Après une suspension de 48 heures à la demande de la défense, le procès du général Amadou Haya Sanogo, chef de l’ex-junte malienne (2012-2013) et de 16 autres personnes poursuivies pour « enlèvement, assassinat et complicité d’assassinat », reprend ce vendredi 2 décembre à Sikasso, dans le sud du Mali. L’enjeu de cette journée est d’entrer enfin dans le fond du dossier. Elle risque d’être longue.

A quand le procès des agresseurs des bérets verts et autres ? c’est ce que réclame cette affiche, Sikasso, le 30 novembre 2016.
© AFP

La journée de ce vendredi risque d’être tendue à Sikasso, à la reprise du procès, rapporte notre envoyé spécial. Parmi les avocats de la défense, il y a un groupe de 9 juristes que l’on pourrait qualifier de « faucons de la défense ». Ils sont prêts à ruer dans les brancards et entendent dénoncer « de nombreuses irrégularités et soulever une batterie d’exceptions. En somme faire la preuve que les droits des avocats et des accusés ont été violés. Selon eux, les préparatifs du procès ont été baclés. Celui-ci doit donc être renvoyé à une autre date.

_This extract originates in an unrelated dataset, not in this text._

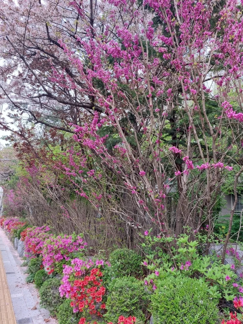 벚꽃이 필 무렵의 일이었다. 익숙한 벚꽃 근처에 이름 모를 진한 자줏빛 꽃이 탐스럽게 핀 광경을 보았다. 마치 철쭉과도 비슷한 색이었다.
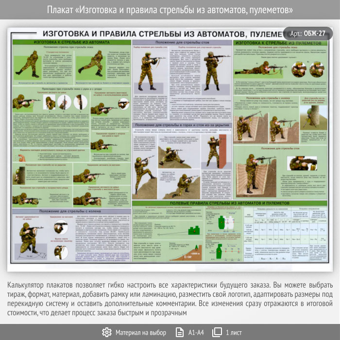 Плакат «Изготовка и правила стрельбы из автоматов, пулеметов» (ОБЖ-27, 1 лист) в Краснодаре купить

Mais les avocats de la partie civile et le ministère public ne vont pas s’en laisser conter. Il faut rapidement aller au fond du dossier. Il faut que le procès ait lieu, vont-il marteler. Ensuite, la cour prendra sa décision.

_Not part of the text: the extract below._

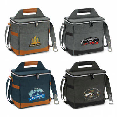 Nirvana is where fashion meets function and this modern 13L cooler bag has all the hallmarks of impeccable style and superior quality. It has thick PE foam insulation encased in a waterproof PEVA inner liner. The outer construction is poly-canvas with an on-trend heather style finish. Nirvana has an adjustable shoulder strap with a handy metal bottle opener riveted to it. Other features include a carry handle, a slip pocket on the front and a top closure with a smart electroplated silver zip. Colours: Grey/Brown, Grey/Black, Navy/Brown, Black/Black. Dimensions: H 250mm x W 250mm x Gusset 180mm (excludes handle and strap). Branding Options: Screen Print-Front Pocket - 170mm x 80mm. Packing: Poly bag. Carton Dimensions: 58cm x 42cm x 48cm x Carton Quantity: 25 pieces Carton Weight: 14.00kg. Price includes : Printing Per Colour. Setup is included.

En attendant, des habitants de Sikasso commentent abondamment (avec les pour et les contre) le procès du général Amadou Sanogo et de ses 16 co-accusés, poursuivis pour enlèvement, assassinat et complicité d’assassinat. L’ancien meneur du coup d’Etat militaire de mars 2012 comparaît avec les autres prévenus dans l’affaire dite des « bérets rouges ». Les juges devront déterminer son degré d’implication dans le massacre d’une vingtaine de soldats fidèles à l’ancien président Amadou Toumani Touré qui, après leur arrestation pour une tentative de contre-coup d’Etat, avaient été exécutés.